Day: Well, but what I found really annoying about the way that it built up is that the appropriate ending should have been that Frank becomes Eric – he builds up, he stops Eric, but then he becomes Eric because he has this hatred for women, then he suddenly finds out he is a woman, he finds out what his dad has done to him, etcetera, and, you know, he should blow up the island. And that would have been a much better ending, and something that would actually be consistent with the characters and would make for a coherent end, whereas in the current case, the story doesn’t even end. It doesn’t have an ending. I mean, the ending is the revelation that Frank’s a woman, and then nothing happens. He goes out, he finds Eric, and decides that he accepts himself, and he doesn’t try to help Eric. I mean, it’s such a sell-out.

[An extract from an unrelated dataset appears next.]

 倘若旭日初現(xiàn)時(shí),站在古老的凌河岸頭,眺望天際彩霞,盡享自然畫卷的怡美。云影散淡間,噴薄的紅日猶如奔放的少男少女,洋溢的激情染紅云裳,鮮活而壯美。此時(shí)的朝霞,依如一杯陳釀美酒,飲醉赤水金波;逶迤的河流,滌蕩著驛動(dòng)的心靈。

Sandifer: I don’t that that he accepts himself. I think he rejects the magical system that we’ve seen. And that also helps explain a lot of why those parts that you found boring – and certainly none of what you mentioned, the dwarf conversations and the like, were my favorite parts of the book, but I didn’t find them a particular chore to get though either – and I think that…

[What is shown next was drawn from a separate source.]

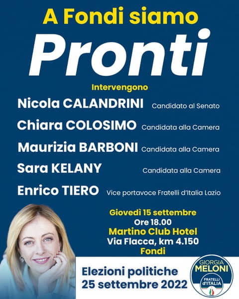 Il 15 settembre ci sarà la presentazione dei nostri candidati presso il Martino Club (lungo il litorale fondano), dove avremo modo di approfondire diversi aspetti del nostro programma grazie alla presenza del Senatore Calandrini, dell’On. Chiara Colosimo, della Dott.ssa Maurizia Barboni, dell'Avv. Sara Kelany e del vice coordinatore regionale Enrico Tiero.
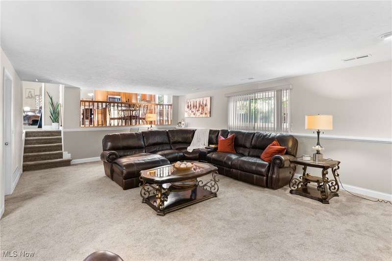 Don't let the exterior fool you-this spacious 4-bedroom, 2.5-bath split-level home in the desirable Hunting Meadows neighborhood offers much more room than meets the eye! Step into a bright, open foyer that leads to a spacious living room filled with natural light. The eat-in kitchen features a brand-new refrigerator (2024) and plenty of space to gather. From here, sliding glass doors open to a freshly painted deck (2024)-ideal for outdoor entertaining or relaxing afternoons. On the lower level, you'll find a huge family room with a wet bar, perfect for game nights or hosting guests. A fourth bedroom and half bath on this level make a great private office, home gym, or guest suite. The oversized laundry room includes extra cabinets for storage and convenience. Upstairs, retreat to a generous primary suite with two closets, double vanity sinks, and a private full bath. Two additional bedrooms and a beautifully updated full bathroom (2023) complete the upper level. Tucked into a quiet neighborhood with mature trees and easy access to parks, shopping, and I-71, this home is truly move-in ready and offers the perfect blend of comfort, space, and style. Schedule your showing today-you won't believe how much this home has to offer!

Day: No, no, no, I’m not saying I did, I’m just looking at it from a critical point of view, that’s all.

Sandifer: Right. But I think they were important in giving a full enough context of who Frank is and what Frank is like. Because the final moment isn’t Frank accepting who he is. He has no idea who he is at that moment.

Day: No, but he doesn’t react. The whole time, Banks has set it up for him to react with hatred and anger of what he is. And instead, he doesn’t. He doesn’t do anything. In fact, there is no ending, it just stops. Because the actual ending is, “oh guess what, Frank’s a girl.” And the Eric story doesn’t come to a climax, the showdown with the father doesn’t come to a climax, and Frank himself does nothing. You’re certainly entitled to say, “well, I think that he’s rejecting his magic,” but it doesn’t actually spell it out in the story.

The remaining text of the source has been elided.